Obama’s Transitional Strategy: Suleiman’s My Man

February 4, 2011

It is becoming clearer that the Obama administration is attempting to cynically “manage” the politics of Egypt’s uprising against dictator Hosni Mubarak. Reportedly, they have now swung heavily behind the insertion of newly enthroned vice-dictator Omar Suleiman (Mubarak’s long-serving head of intelligence and go-to man for the torturing of rendered terrorism suspects) as “transitional” leader with strong military backing.

As protesters have managed to hold Tahrir Square against attacks from government sponsored thugs, so Washington has ditched earlier plans for Mubarak to stand down later this year. Now, the plan is for the military to sustain a transitional regime, which may include elements of the Muslim Brotherhood, until a permanent settlement can be arranged.

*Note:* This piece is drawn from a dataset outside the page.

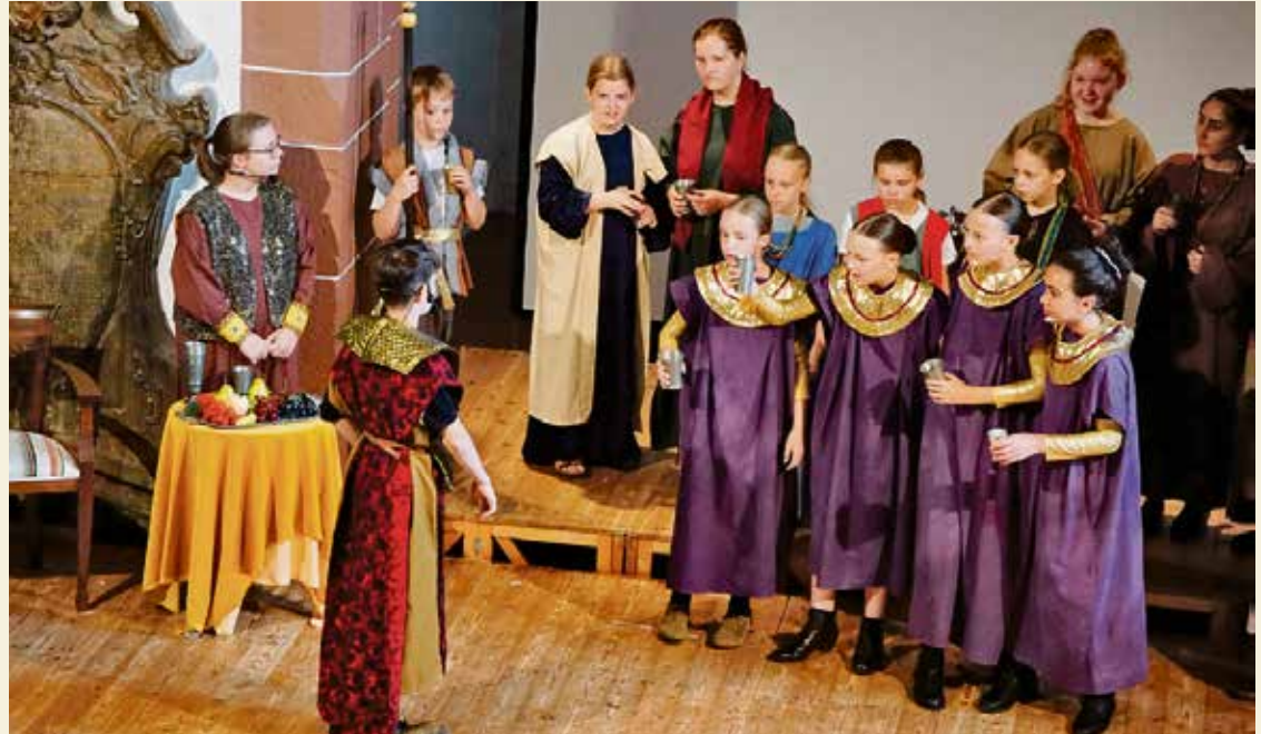
Premiere für das Musical der biblischen Geschichte.

Zur Geschichte: Es herrscht Partystimmung am Hof des babylonischen Königs Belsazar. Gerade hat der König entschieden, dass man doch anstelle von Tonbechern jetzt die silbernen Gefäße zum Trinken verwenden könne, die er als Kriegsbeute aus dem Jerusalemer Tempel mitgehen lassen. Da erscheint plötzlich eine Schrift an der Wand. „Was hat das zu bedeuten?“ haucht es entsetzt aus den Kehlen der 30 Mädchen und Jungen des Kinderchores der evangelischen Michaelsgemeinde.

The elevation of Suleiman is no victory for the protesters. In a televised interview given yesterday, he referred to Mubarak as a father figure, blamed pro-democracy protesters for the violence and spoke about foreign conspiracies fomented by the press, giving a green light to further attacks on journalists. As he put it, “I blame certain friendly states who are hosting unfriendly TV stations who charge the youth against the state” while he went onto suggest that the protesters wee advocating “chaos” with their demands for immediate change, which he suggested was alient to “Egyptian culture.”

In another interview, Suleiman also defended pro-Mubarak gangs who have killed at least 13 people, and driven police vehicles through crowds of unarmed demonstrators, claiming that “The pro-Mubarak group behaved very well” and protesting his ignorance about how the gangs had come to target the crowds in Tahrir Square.

This is certainly not a man who Egyptians can trust to deliver democratic change. In reality, Suleiman represents the wholesale retention of the cronyism, militarism and subservience to American diktats that has characterised the Mubarak years – which is why Obama seems so keen to retain him.

None of this management has deterred thousands of people from heading to Tahrir Square today for what is being dubbed “departure Friday.” Checkpoints are up, with all being checked for police IDs while today many have come dressed in construction helmets, a reference to the stones and molotov cocktails rained upon their heads for the past few nights.

But in the morning, army personnel removed the makeshift barricades erected by protesters in order to block attacks from outside the square (including cavalry charges) raising fears that the army planned to stand by again as pro-government militiamen gathered. Those militia have reportedly been deployed on roads outside central Cairo, preventing protesters from entering the city to join the crowds, yet may appear later as the demonstration grows. Others have accused the army and police of working together to prevent entry to the square overnight. As Shaaban Mindawy put it, “The army was confiscating food and medical supplies that people were trying to bring inside. The officers were telling people that thugs may attack them and take their money.”

The situation is tense. Much depends upon how many people can be mobilized today, and how the authorities respond. If they use violence, and the protests flare, rather than dying down, then the “transitional” strategy may be in tatters, and Egyptian democracy may rise from its fragments.